Dataset entries

•••

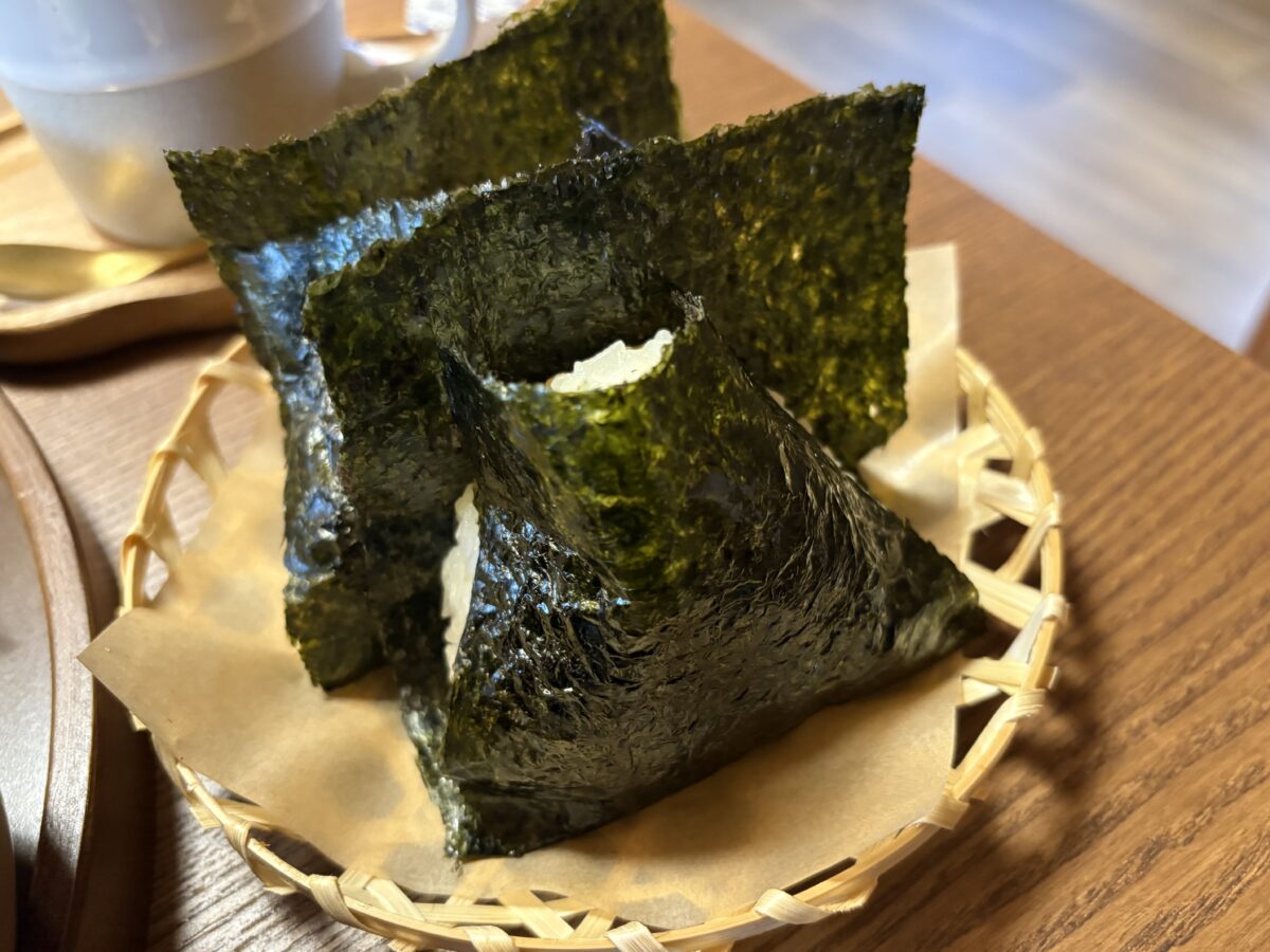 お肉を食べるとお米を食べたくなってきます。おにぎりにかぶりつくと粒の弾力もしっかりしていて高級おにぎりだ…
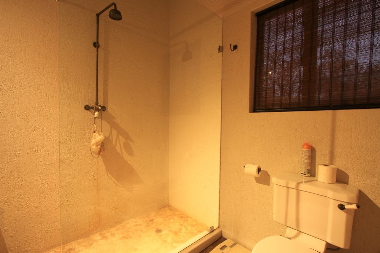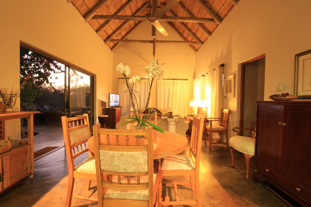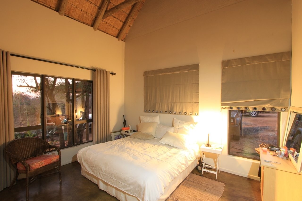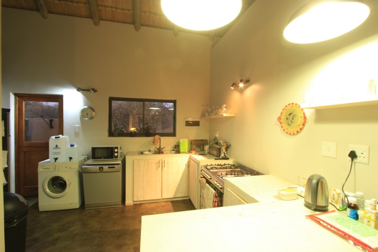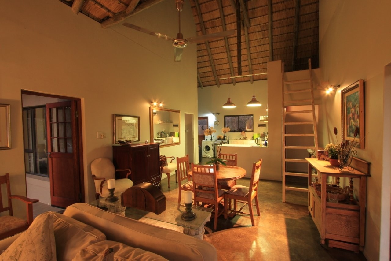 Discover an exceptional rental opportunity within the prestigious Raptors View Wildlife Estate in Hoedspruit, South Africa. This charming 3-bedroom, 2-bathroom home offers a unique bushveld living experience, blending rustic elegance with modern comfort. The residence features a spacious open-plan layout, seamlessly connecting the lounge, dining area, and a well-appointed kitchen with a pantry. Striking vaulted thatched ceilings and pressed ceilings add character, while sliding doors invite natural light and scenic views. One bathroom is en-suite, providing privacy.
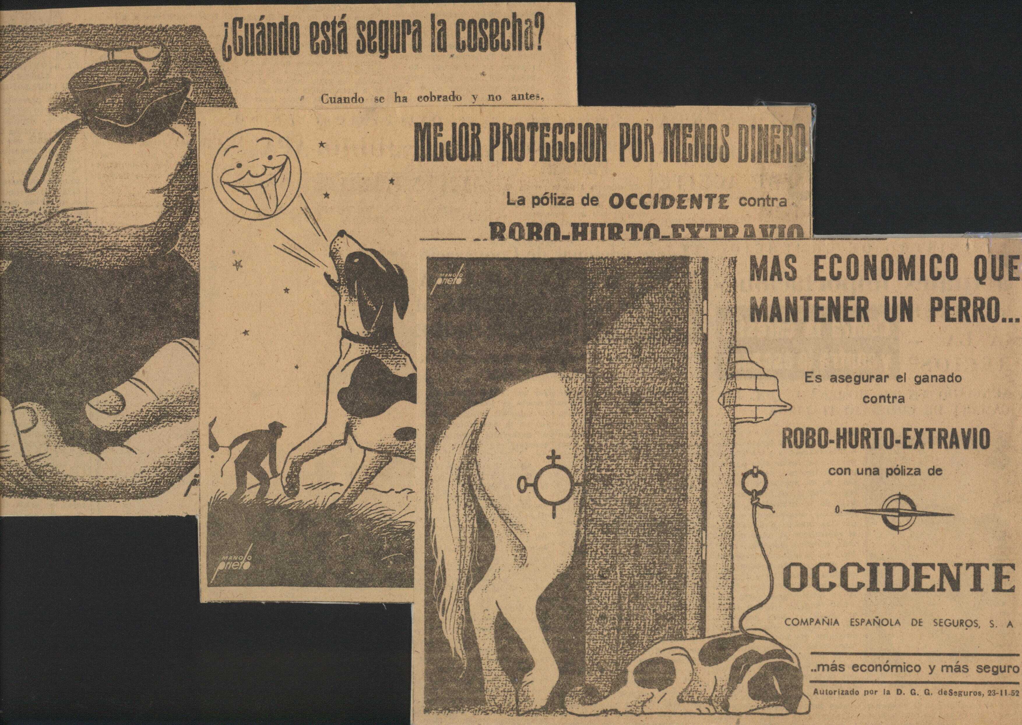 - Imagen que muestra una superposición de tres anuncios publicados en prensa, con diferentes escenas correspondiente a una marca de seguros, y en las que ha intervenido Manolo Prieto.
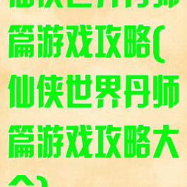 仙侠世界丹师篇游戏攻略(仙侠世界丹师篇游戏攻略大全)
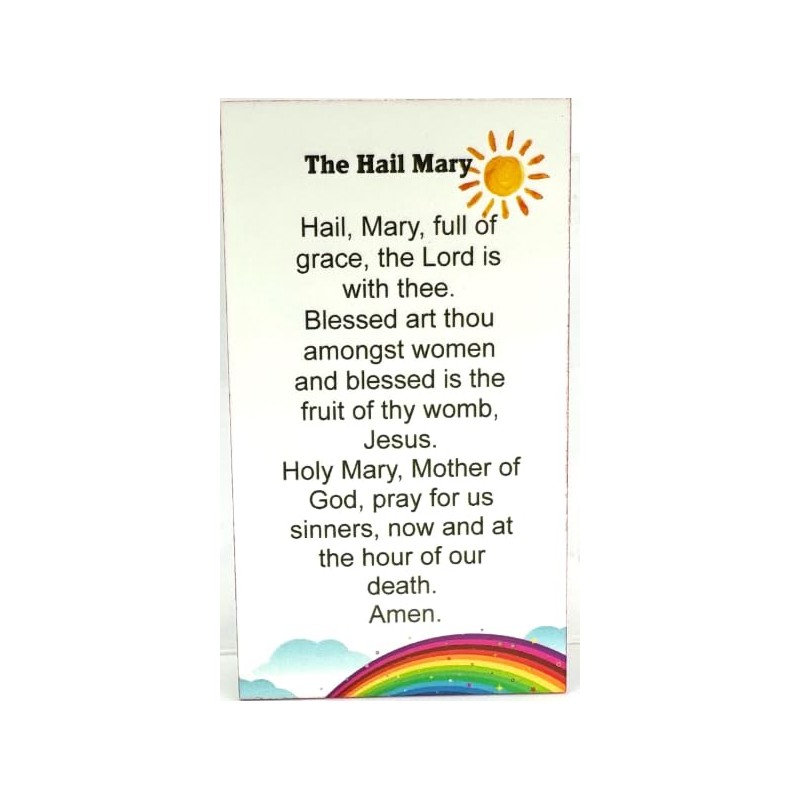 - Contains essential prayer cards such as "Hail Mary," "Our Father," and for a complete prayer experience.
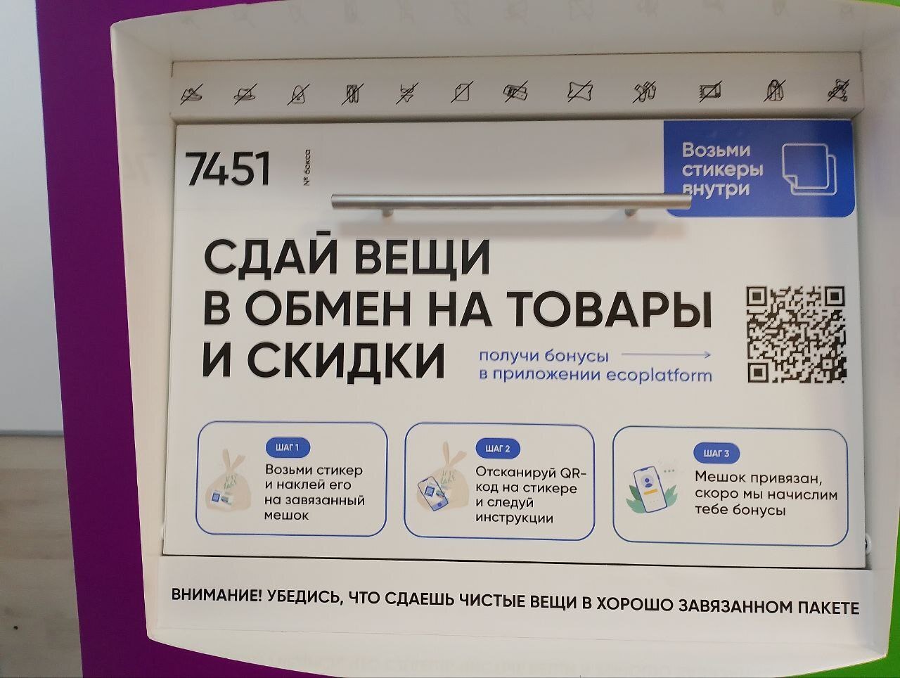 В ответ за вашу ненужную одежду вы получаете приятные бонусы. Например, это могут быть баллы на карту Тройка или скидки в магазине Дикси. Что вам выгоднее, то вы и выбираете. Хотя, конечно, начисляются копейки, но между тем, люди в течении дня приходят и какие-то вещи сдают. Значит в этом есть все таки смысл. Как говорится - мелочь, а приятно.

•••

--- EXERCISE BRIEF ---
Write out exactly, please, the lines that start at the one containing "Discover an exceptional" and run through the final line of the entries, both included, leaving pictures out.

--- SOLVED PROBLEM ---
 Discover an exceptional rental opportunity within the prestigious Raptors View Wildlife Estate in Hoedspruit, South Africa. This charming 3-bedroom, 2-bathroom home offers a unique bushveld living experience, blending rustic elegance with modern comfort. The residence features a spacious open-plan layout, seamlessly connecting the lounge, dining area, and a well-appointed kitchen with a pantry. Striking vaulted thatched ceilings and pressed ceilings add character, while sliding doors invite natural light and scenic views. One bathroom is en-suite, providing privacy.
 - Imagen que muestra una superposición de tres anuncios publicados en prensa, con diferentes escenas correspondiente a una marca de seguros, y en las que ha intervenido Manolo Prieto.
 仙侠世界丹师篇游戏攻略(仙侠世界丹师篇游戏攻略大全)
 - Contains essential prayer cards such as "Hail Mary," "Our Father," and for a complete prayer experience.
 В ответ за вашу ненужную одежду вы получаете приятные бонусы. Например, это могут быть баллы на карту Тройка или скидки в магазине Дикси. Что вам выгоднее, то вы и выбираете. Хотя, конечно, начисляются копейки, но между тем, люди в течении дня приходят и какие-то вещи сдают. Значит в этом есть все таки смысл. Как говорится - мелочь, а приятно.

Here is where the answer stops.